Apesar de as denúncias envolverem quase uma dezena de partidos, o Partido dos Tralhadores (PT) foi quem que mais recebeu recursos supostamente ilegais da empresa Odebrecht. Um total de R$ 204,9 milhões. De acordo com os delatores da empreiteira, nessa conta está o dinheiro que irrigou as campanhas eleitorais de Dilma Rousseff e de parlamentares do partido.

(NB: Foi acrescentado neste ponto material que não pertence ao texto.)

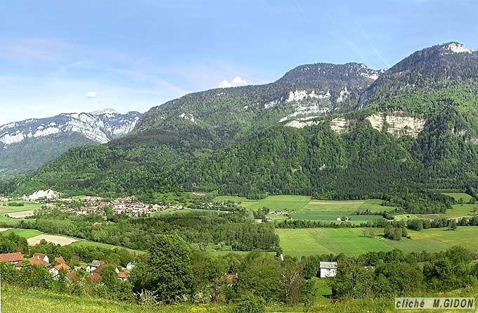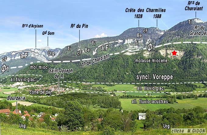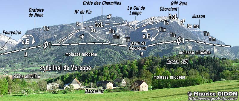 ![]() L'extrémité septentrionale du chaînon de la Grande Sure : versant ouest vu du nord-ouest, depuis le village de Grassetière au sud de Miribel (la bosse 579 masque la dépression alluviale de Saint-Joseph de Rivière). a.E = anticlinal des Égaux ; f.cL = faille du Cul de Lampe ; Ø1 = chevauchement de Voreppe (suite du panorama sur la gauche à la page "Saint-Laurent-du-Pont"). |

Em troca das doações, recebiam benefícios, inclusive com a aprovação de medidas provisórias, como a MP 703/15, ainda no governo Lula. De acordo com as delações de Emilio Odebrecht, pai de Marcelo Odebrecht, e do executivo da empreiteira Cláudio Melo Filho, houve conversas para que o ex-presidente Luiz Inácio Lula da Silva e o então ministro Jaques Wagner editassem legislação que possibilitasse acordo de leniência entre o Poder Executivo e pessoas jurídicas envolvidas em infrações sem contar com a intervenção do Ministério Público. “Foi dito ao ministro que era importante que o governo e Congresso discutissem mecanismos de acordos de leniência”, disse Cláudio no depoimento ao Ministério Público.

Parentes

Do outro lado do Oceano Atlântico, a Odebrecht contratou, no âmbito de obras em Angola financiadas pelo Banco Nacional de Desenvolvimento Econômico e Social (BNDES), a empresa do sobrinho de Lula, Taiguara Rodrigues, a pedido do ex-presidente. De acordo com o Marcelo Odebrecht, o parente do petista criou a Exergia sem ter experiência na área de construção e somente para fazer uso da influência de Lula. O ex-presidente já é réu em processo, acusado de intermediar contratos para a empresa do sobrinho com a Odebrecht em obras realizadas em Angola, com financiamento do BNDES.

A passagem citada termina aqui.